WHAT TO WORK ON:
If pictures appear in the lines below, skip them and copy exactly the lines from the one containing "Proměňte obyčejnou stěnu" through the one containing "Made in Italy, this", and nothing else.

GIVEN INFORMATION:
════════════════════
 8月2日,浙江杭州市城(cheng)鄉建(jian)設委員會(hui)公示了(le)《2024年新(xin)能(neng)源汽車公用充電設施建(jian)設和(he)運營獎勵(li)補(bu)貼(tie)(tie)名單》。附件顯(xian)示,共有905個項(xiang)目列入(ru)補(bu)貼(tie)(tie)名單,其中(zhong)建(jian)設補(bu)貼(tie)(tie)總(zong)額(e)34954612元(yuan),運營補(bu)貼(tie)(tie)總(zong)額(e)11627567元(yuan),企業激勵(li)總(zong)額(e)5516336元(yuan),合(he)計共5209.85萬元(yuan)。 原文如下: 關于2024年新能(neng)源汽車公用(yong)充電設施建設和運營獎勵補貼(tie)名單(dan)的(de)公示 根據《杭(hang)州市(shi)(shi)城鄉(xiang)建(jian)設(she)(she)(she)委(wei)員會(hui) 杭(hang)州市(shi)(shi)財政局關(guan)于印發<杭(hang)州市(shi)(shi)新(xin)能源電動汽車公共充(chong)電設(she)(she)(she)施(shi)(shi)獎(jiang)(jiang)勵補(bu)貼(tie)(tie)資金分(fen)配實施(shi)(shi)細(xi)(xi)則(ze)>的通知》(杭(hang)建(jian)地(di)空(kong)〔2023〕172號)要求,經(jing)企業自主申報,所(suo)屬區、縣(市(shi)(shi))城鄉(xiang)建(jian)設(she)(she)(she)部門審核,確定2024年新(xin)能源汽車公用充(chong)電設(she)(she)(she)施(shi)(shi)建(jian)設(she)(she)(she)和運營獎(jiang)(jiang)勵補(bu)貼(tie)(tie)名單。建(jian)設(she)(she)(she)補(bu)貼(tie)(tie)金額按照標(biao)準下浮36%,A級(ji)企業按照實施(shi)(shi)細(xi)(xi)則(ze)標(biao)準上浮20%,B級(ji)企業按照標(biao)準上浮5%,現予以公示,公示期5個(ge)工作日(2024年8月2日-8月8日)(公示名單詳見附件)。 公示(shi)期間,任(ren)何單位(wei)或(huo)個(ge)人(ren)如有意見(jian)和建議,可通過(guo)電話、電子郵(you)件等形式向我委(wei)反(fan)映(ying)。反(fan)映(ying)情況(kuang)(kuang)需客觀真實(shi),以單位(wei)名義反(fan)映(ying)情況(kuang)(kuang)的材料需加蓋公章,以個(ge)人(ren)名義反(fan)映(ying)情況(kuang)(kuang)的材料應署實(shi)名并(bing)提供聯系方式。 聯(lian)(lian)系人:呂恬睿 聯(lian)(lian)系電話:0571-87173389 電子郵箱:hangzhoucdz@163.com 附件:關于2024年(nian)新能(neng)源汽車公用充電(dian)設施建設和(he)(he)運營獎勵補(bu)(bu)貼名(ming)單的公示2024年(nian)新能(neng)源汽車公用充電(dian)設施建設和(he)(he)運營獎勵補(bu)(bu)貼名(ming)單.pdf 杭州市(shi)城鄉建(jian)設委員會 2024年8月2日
════════════════════
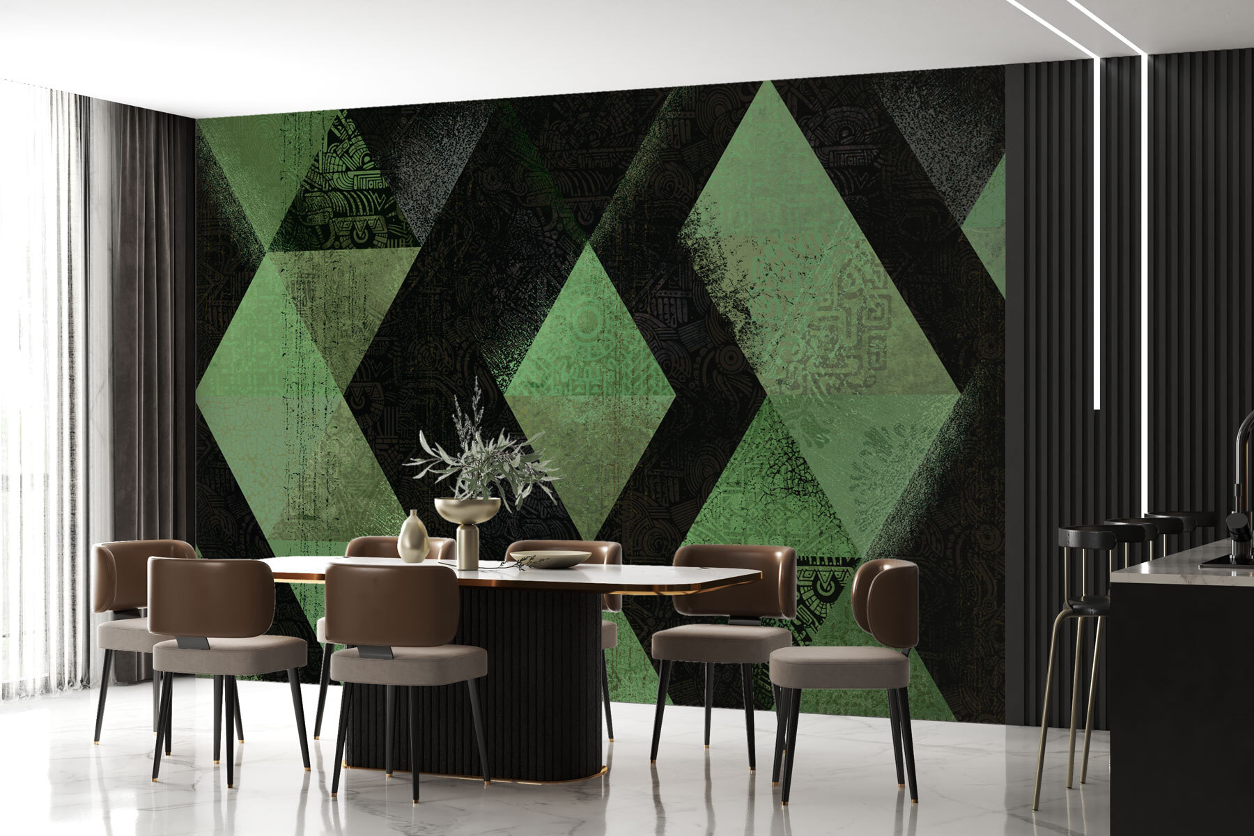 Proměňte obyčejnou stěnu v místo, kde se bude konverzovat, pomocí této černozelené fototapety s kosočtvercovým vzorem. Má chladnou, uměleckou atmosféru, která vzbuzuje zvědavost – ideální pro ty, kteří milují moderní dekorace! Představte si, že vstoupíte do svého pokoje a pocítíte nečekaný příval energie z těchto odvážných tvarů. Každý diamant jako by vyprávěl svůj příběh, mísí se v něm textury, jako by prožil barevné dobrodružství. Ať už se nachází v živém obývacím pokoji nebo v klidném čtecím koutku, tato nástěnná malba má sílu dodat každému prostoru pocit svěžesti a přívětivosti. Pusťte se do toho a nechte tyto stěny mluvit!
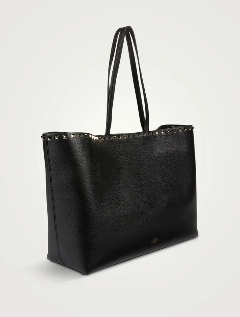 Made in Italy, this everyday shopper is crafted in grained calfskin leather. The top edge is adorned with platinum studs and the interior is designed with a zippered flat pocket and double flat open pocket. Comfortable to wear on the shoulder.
════════════════════
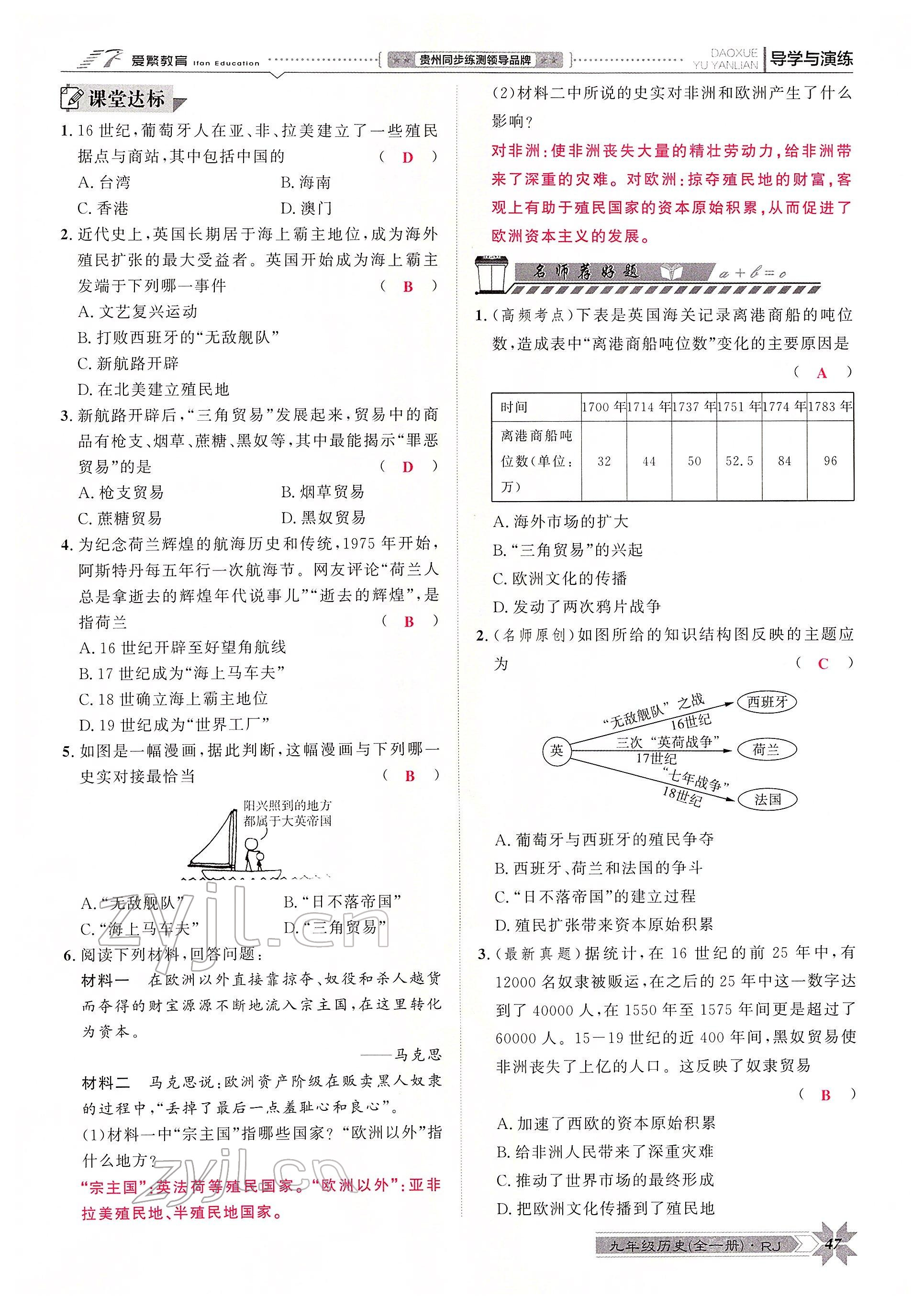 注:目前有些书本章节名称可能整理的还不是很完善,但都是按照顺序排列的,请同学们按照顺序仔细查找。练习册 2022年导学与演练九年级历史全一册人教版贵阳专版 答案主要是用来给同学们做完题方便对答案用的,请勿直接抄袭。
════════════════════
SOLUTION TO THE PROBLEM:
 Proměňte obyčejnou stěnu v místo, kde se bude konverzovat, pomocí této černozelené fototapety s kosočtvercovým vzorem. Má chladnou, uměleckou atmosféru, která vzbuzuje zvědavost – ideální pro ty, kteří milují moderní dekorace! Představte si, že vstoupíte do svého pokoje a pocítíte nečekaný příval energie z těchto odvážných tvarů. Každý diamant jako by vyprávěl svůj příběh, mísí se v něm textury, jako by prožil barevné dobrodružství. Ať už se nachází v živém obývacím pokoji nebo v klidném čtecím koutku, tato nástěnná malba má sílu dodat každému prostoru pocit svěžesti a přívětivosti. Pusťte se do toho a nechte tyto stěny mluvit!
 Made in Italy, this everyday shopper is crafted in grained calfskin leather. The top edge is adorned with platinum studs and the interior is designed with a zippered flat pocket and double flat open pocket. Comfortable to wear on the shoulder.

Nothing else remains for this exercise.